The supplied thread 100 supplied to the bobbin 21 in the refilling position is transferred from a thread supplying pipe 95 and winded at the inside bobbin 21 through the thread
supplying hole 45 of the bobbin casing 41. Herein, as the quantity of the supplied thread 100 filling the bobbin 21 increases, the supplied thread gradually travels to the arrow head spring 47 and is caught by the step portion 47b of the spring.
However, when the thread of the bobbin 11 in the sewing position is wholly exhausted, each of the bobbins 11 and 21 and the housing 1 stop rotating, and the bobbin casings 31 and 41 are rotated by the pivot coupler 90 attached at the downside mount 50.
As shown in FIG. 6B illustrating the state that the bobbin casings rotate to 90 degrees, the supplied thread 100 is still caught by the spring 47 of the bobbin casing 41 which is spooled by the supplied thread.
As shown in FIG. 6C illustrating the state that the bobbin casings rotate to 180 degrees, a transferring member (not shown) which transfers the supplied thread 100 toward the thread transfer groove moves down from upside. The transferring member is preferably hook-shaped.

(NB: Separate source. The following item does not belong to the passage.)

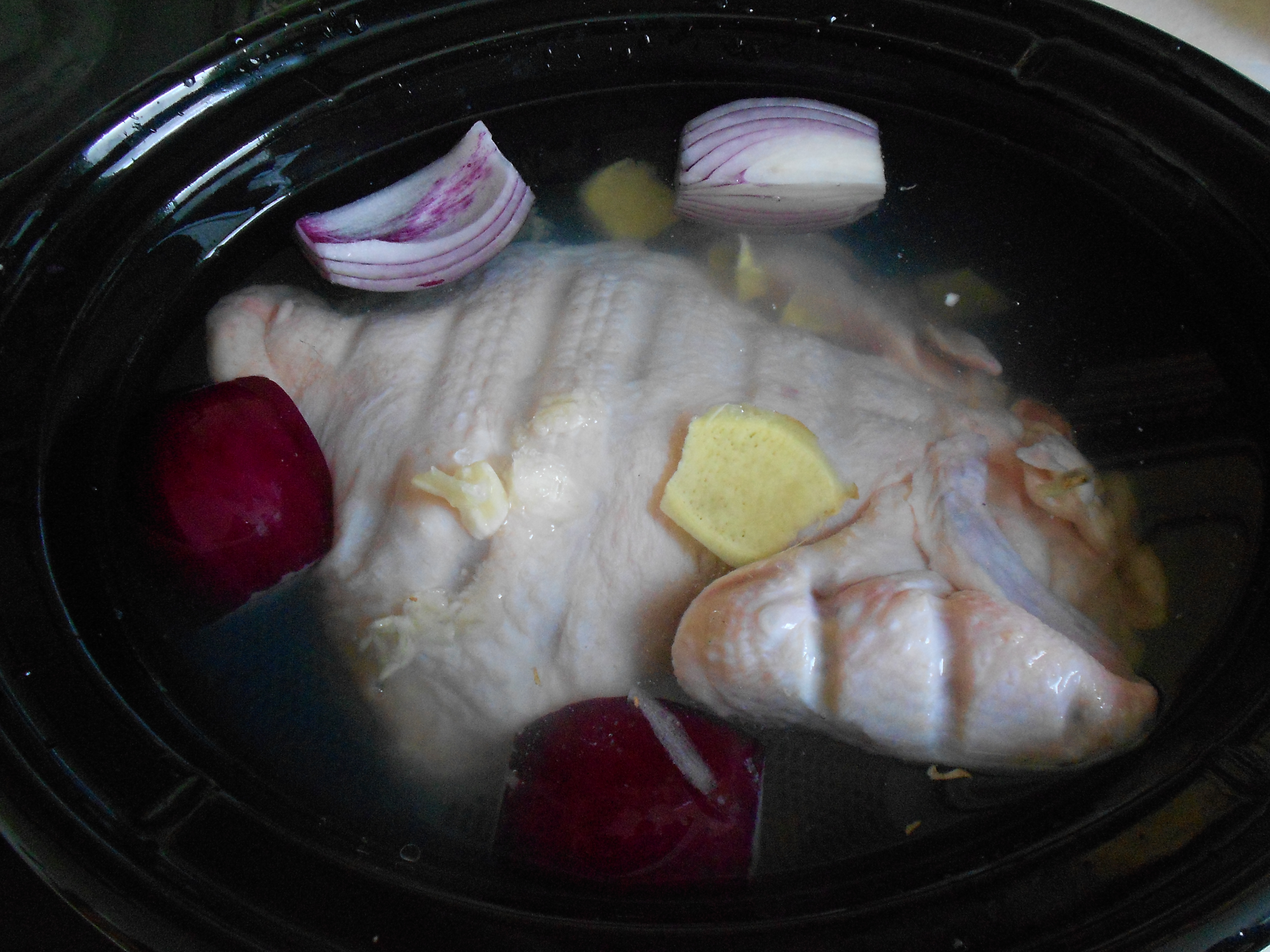 Peel and quarter your onion and peel and slice the ginger. Crush the garlic. Put the chicken upside down in the slow cooker and add the onions, ginger and garlic. Season with the salt and pepper. Pour over enough cold water to cover the chicken. Cover and cook on a low heat for 6-8 hours.

At this point, the first and second driving members 60 and 80 which moved back hold the bobbin casings 31 and 41 again to stabilize the bobbin casings, and the pivot coupler 90 is removed from the mount 50 again.
FIG. 6 illustrates that the moving back transferring member 88 enter the empty bobbin casing 41 (though the bobbin casing in this position is the bobbin casing identified as the reference number 31 herein-before, the reference numbers change as the bobbin casings rotate, thus, hereinafter, the reference number is assigned accordingly), and is caught in the indentation 15 of the bobbin 21. As the transferring member 88 moves down, the supplied thread 100 caught in the indentation 15 of the bobbin 21 is cut by the thread cut ring 17 attached to the indentation while the end of the portion of the
thread 100 which is connected with the thread supplying pipe 95 is still caught in the inclined portion 17b of the thread cutting ring 17.
After that, the needle moves down to the thread supplying hole 35 of the thread filling bobbin casing 31 and facilitates stitching with the supplied thread caught in the spring 37 of the bobbin casing 31. The thread exhausted bobbin 21 rotates at the same speed as the bobbin 11 and is refilled all the while.
However, the supplied thread 100 is preferably supplied from a tension roller which rotates during pulling in the thread and rewinds the thread when releasing the thread like a tape measure.
Herein-before, while the preferred embodiment of the invention has been described in detail, the above-described embodiment does not limit the scope and spirit of the subject invention. Namely, various methods may be applicable to such as the shape of the transferring member, the apparatus detecting the number of the rotations or releasing and holding of the driving members. Accordingly, though various variations and modifications are to be considered, these variations are within the scope and spirit of the subject invention according to the enclosed claims.
As described above, by the automatic dual bobbin mechanism according the subject invention complements the U. S. patent of the subject inventor sufficiently so that all the actual problem may be overcome.
That is to say, in the subject invention, the supplied thread is cut well between the bobbins in the refilling position and the sewing position, a stable rotation of the bobbin casings is guaranteed, and the tension of the supplied thread can be controlled.
Particularly, since the bobbin casings are rotated independently, the thread passing through connection portions of male and female structure between the bobbin casings does not get an over-tension.
Further, the problem of adopting a complicate configuration for exchanging the bobbins is solved.